Administrators can't create widgets or dashboards for other users, but they can share their own dashboards with other users.

  1. Click Configure Dashboard.

    The Configure dashboard screen displays a library of available widgets, with details about each widget.

  2. On the New Dashboard Item page, enter a name and a description for the widget.
  3. Select AQL from the data source list in the Query section, and enter an AQL statement. For more information, see Tips for creating AQL queries for dashboard charts.
    1. Insert existing parameters in the statement. Click the Insert Parameter icon, and then click Insert for each relevant parameter.

    2. To change the default value of the parameter, click the View Parameters icon, and click Save after you set the default value.

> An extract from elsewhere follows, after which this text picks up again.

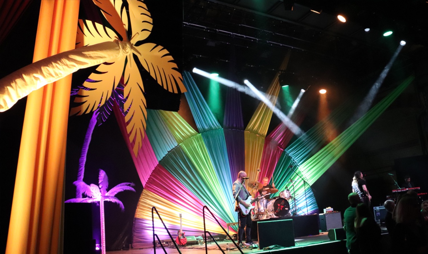 Instead of traditional round tables, we arranged long banquet tables, which not only set this event apart from previous ones but also enhanced the festival atmosphere and encouraged a more communal and interactive dining experience. To elevate the visual appeal, each table featured giant pixel-feather centerpieces, programmed to change colors throughout the evening, adding a dynamic and playful element to the room. Around the perimeter, large, illuminated palm trees added to the tropical festival vibe, creating a stunning, immersive backdrop.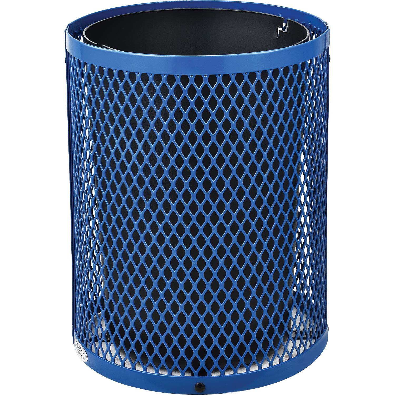 Global Industrial Outdoor Diamond Steel Trash Can with Rain Bonnet Lid and Plastic Liner, 36 Gallon Capacity, Blue, Thermoplastic Coating, 23-1/2" Diameter, 40-1/2"H

      When you change the default value for a parameter, you're changing the value everywhere the parameter is used in your workspace, except in expanded or pinned dashboards and widgets. If you don't set the value as the default value, the updated change applies only to the current session. However, if you set the value as the default, the current session value also uses that value.

    3. To add a parameter to your workspace, click Add, give the parameter a name and default value, if needed, and then click Save.

      Note

      After you add parameters to a widgets on a dashboard for the first time, the Parameters card appears on the dashboard. If you remove parameters from the widget, and no other widget in that dashboard uses the parameter, the Parameters card disappears.

  4. Pick a refresh time for how often you poll the data source. Choose a refresh rate that is greater than the selected query time. The default refresh rate is every minute. The shorter the refresh time, the greater the performance impact on QRadar. The timer for the refresh rate begins after the query is completed.

    For example, if the refresh rate is every minute, and the query takes 3 minutes to complete, the refresh rate starts only after the 3-minute run ends.

  5. Click Run Query.

    When you first create the widget, you can't configure the charts when no data results are returned. Try making the criteria in the fields less strict and run the query again.

    If your AQL query contains parameters without any values, enter them on the Parameters page. You must enter a value for each parameter so that the query runs successfully. If the query is successful, the results are displayed next to the statement.

  6. Create a view in the Views section.

    Because you can create multiple views and charts from the same query, give the view a unique name. By default, the chart's title and status on the title bar are displayed; to hide them, click the More options icon and switch the settings to Off.

  7. Select a chart type and configure the relevant properties. For use cases to help you decide which chart type to use, see Widget Chart Types.

    Chart type

    Bar

    Big Number

    Geographic

    Pie

    Scatter

    Tabular

    Time Series

  8. Preview how the chart looks and then click Save.Tip

    The labels for the chart come from the queries that are used. If they are unintelligible in the preview, edit the labels in the View section.

You can edit a widget and save it without rerunning the query. For example, if a query doesn't return results, such as when the time period isn't long enough to pick up new events, or if the magnitude or severity value isn't applicable when you run the query, you can save the widget. If you edit the query, you must run the query again before you can save the widget.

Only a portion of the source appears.